Los inquisidores habían llegado a Obora, finalmente. Mucho se habían tardado en descubrirme. Como un sucio ladrón en la noche llegaron y me sorprendieron mientras dormía. Algún aldeano traidor debió abrir la boca. Definitivamente no se le podía hacer favores a nadie.
Obligada a salir corriendo en la oscuridad de la noche, intentaba escapar de una muerte inminente. A penas me pude cubrir con mi caperuza y huir sin ser atrapada, mientras, mi cabaña era quemada por los malditos... Reducida a cenizas. Y yo no pude hacer nada para impedirlo. Eran demasiados. ¡Malditos fanáticos del hombre muerto en la cruz! ¿Acaso él no era un brujo como yo?
Su predecible acción me dio tiempo de alejarme y refugiarme en la negrura de la noche. Desaparecí por segundos para confundirlos pero pronto ellos me pisaban los talones. Podía oler el hedor del sudor en los hombres tras de mí y el aliento nauseabundo de los caballos. Yo corría y corría y estaba exhausta. Mi respirar se volvía trabajoso y el gélido viento cortaba mi piel tanto como la hiedra venenosa en mi apresurado avanzar. Las piedras filosas y las espinas en el suelo se enterraban en las plantas de mis pies descalzos haciéndolos sangrar y arder.

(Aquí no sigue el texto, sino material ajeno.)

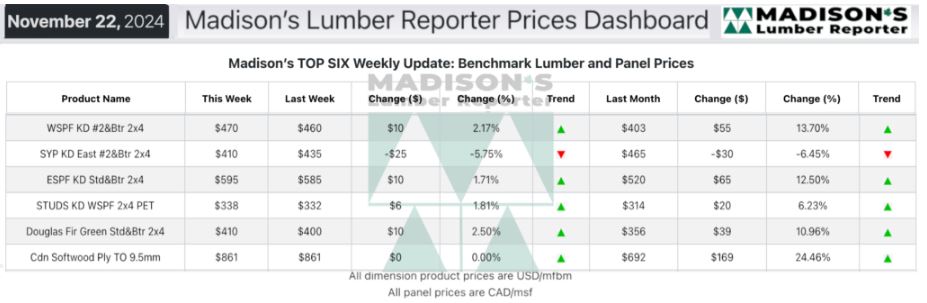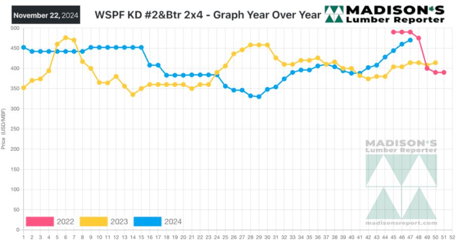 2×4 #2&Btr KD (RL) was US$470 mfbm, which up +$10, or +2%, from the previous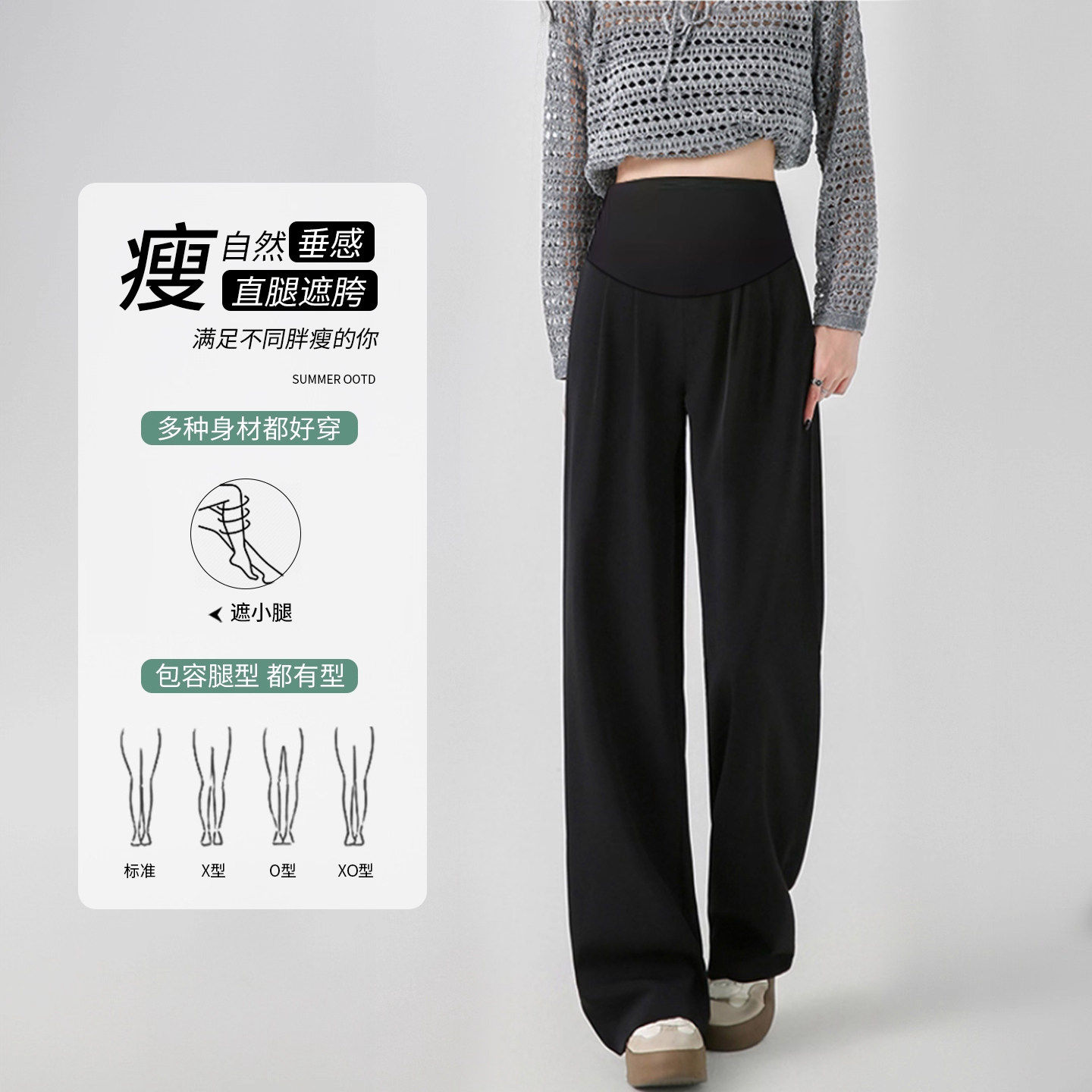 孕妇裤夏季2026新款孕期不勒肚子可调节薄款外穿灰色垂感西装裤女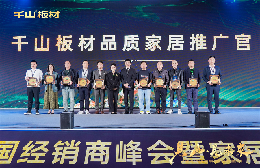 劉董為李晨先生授予“品質(zhì)家居體驗(yàn)官”,同時(shí)為十位在千山板材銷售領(lǐng)域表現(xiàn)卓越的經(jīng)銷商授予了“品質(zhì)家居推廣官”榮譽(yù),不僅是對(duì)他們過去一年里在提升家居品質(zhì)、推廣優(yōu)質(zhì)板材方面所做出杰出貢獻(xiàn)的肯定,也是對(duì)他們未來繼續(xù)引領(lǐng)家居潮流、傳遞品質(zhì)生活的期待與鼓勵(lì)。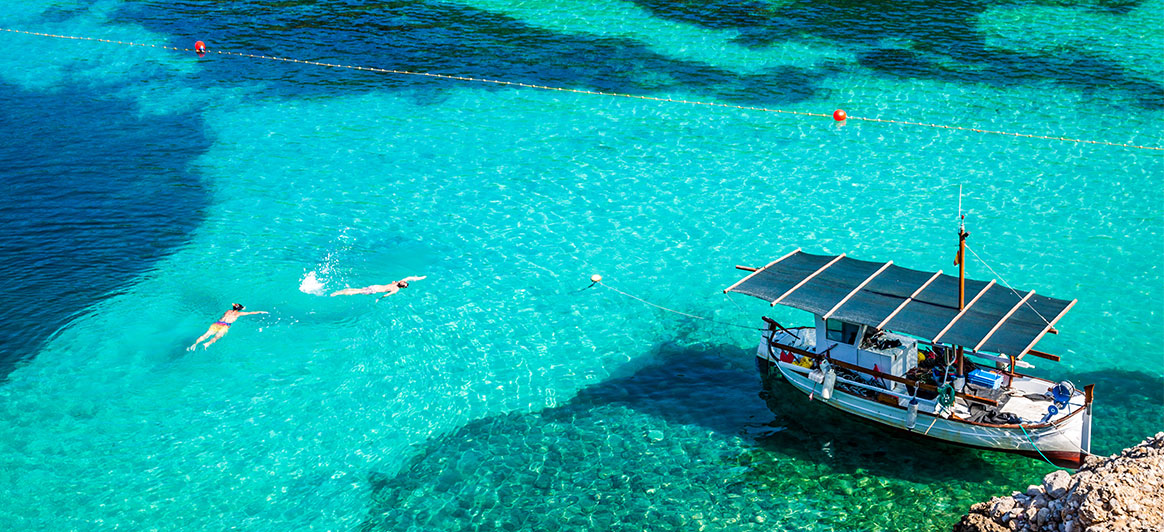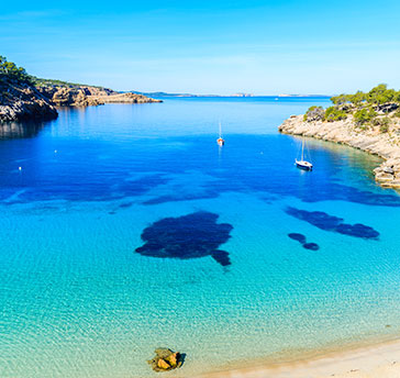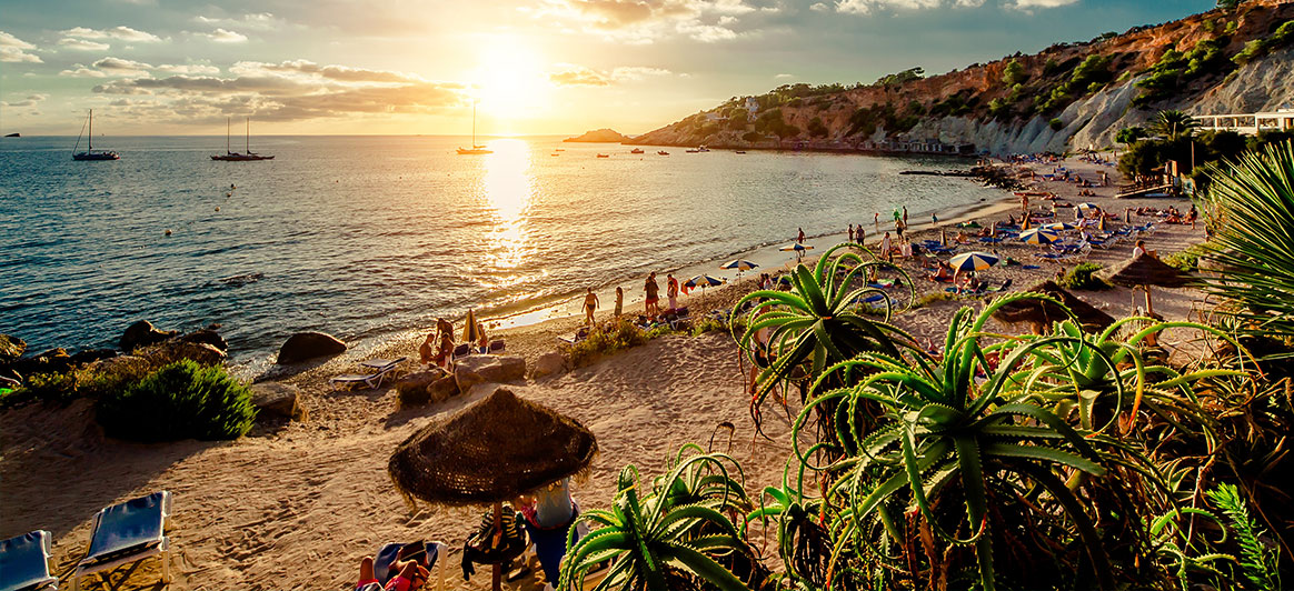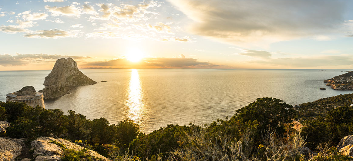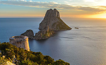 Cala d’Ηοrt : L'une des plus belles baies de la côte sud-est d'Ibiza, entourée de falaises et entourée de pins. Ce qui rend l'endroit encore plus enchanteur, c'est le coucher de soleil surplombant la mystérieuse île d’Es Vedrà, rocher calcaire escarpé, à 400 mètres au-dessus de la mer Méditerranée. L'île, où selon la légende vivaient les sirènes de l'Odyssée homérique, figure sur des centaines de cartes postales d'Ibiza.

Encontré unos arbustos tupidos tras los cuales me podría esconder, y así lo hice. Cubrí mi boca con mis manos por que mi respirar se había convertido en un sonoro jadeo que silbaba por la fatiga. La gema en el dije que colgaba en mi cuello destellaba rojo y eso no era un buen augurio. De vidas pasadas había aprendido que ese era el color de la desgracia... El color de la muerte. La Parca, aquel monstruo aberrante nacido de la imaginación del populacho heleno, me traicionaba, una vez más.
—¡La bruja está cerca! Huele a azufre y a miedo. ¡Estén alertas soldados de Jesucristo! Esta noche quemaremos viva a esa bruja y pagará por sus crímenes y por su herejía!— El inquisidor se dirigía a los legionarios.
Yo trataba de permanecer inmóvil. Contenía la respiración y cerraba mis ojos. No los necesitaba abiertos para poder ver la confusión en los rostros de los hombres.
Detrás de los arbustos pude ver cómo siguieron de largo sin descubrirme. —Eso estuvo cerca— me dije, aliviada.
Cuando sentí seguro, salí de allí, arrastrándome por el suelo hasta que consideré factible ponerme de pié y caminar de manera sigilosa.
Apenas di unos pasos, de frente me encontré a un sabueso que me gruñía rabioso. Un rastreador.
—Tranquilo, perrito... Pequeña y peluda criaturita...— yo me disponía a encantar al animalejo con mi dije pero el estúpido perro ladró. Ladraba cada vez más fuerte, alertando a los inquisidores.
De inmediato se escucharon los caballos galopando a toda prisa, de regreso.
—Maledetto cane!—, giré mi muñeca y el cuello del animal giró de igual modo hasta que se torció. Sus huesos se oyeron quebrarse y el animal cayó al suelo muerto.
Las antorchas iluminaron el claro del bosque. Era muy tarde. Ya habían llegado los inquisidores.
—Questo è l'ultimo trucco che farò, strega!—(¡Este será el último truco que hagas, bruja!)—¡Quemen a la hechicera!
Los hombres desmontaron sus caballos y me apresaron. Los demás preparaban la hoguera. Yo sólo podía observar. Mi cuerpo temblaba de miedo mientras elevaba mi mirada al cielo. La luna llena me miraba... Hermosa. Cerré mis ojos. Después de todo, no era la primera vez que pasaba... Y tampoco sería la última.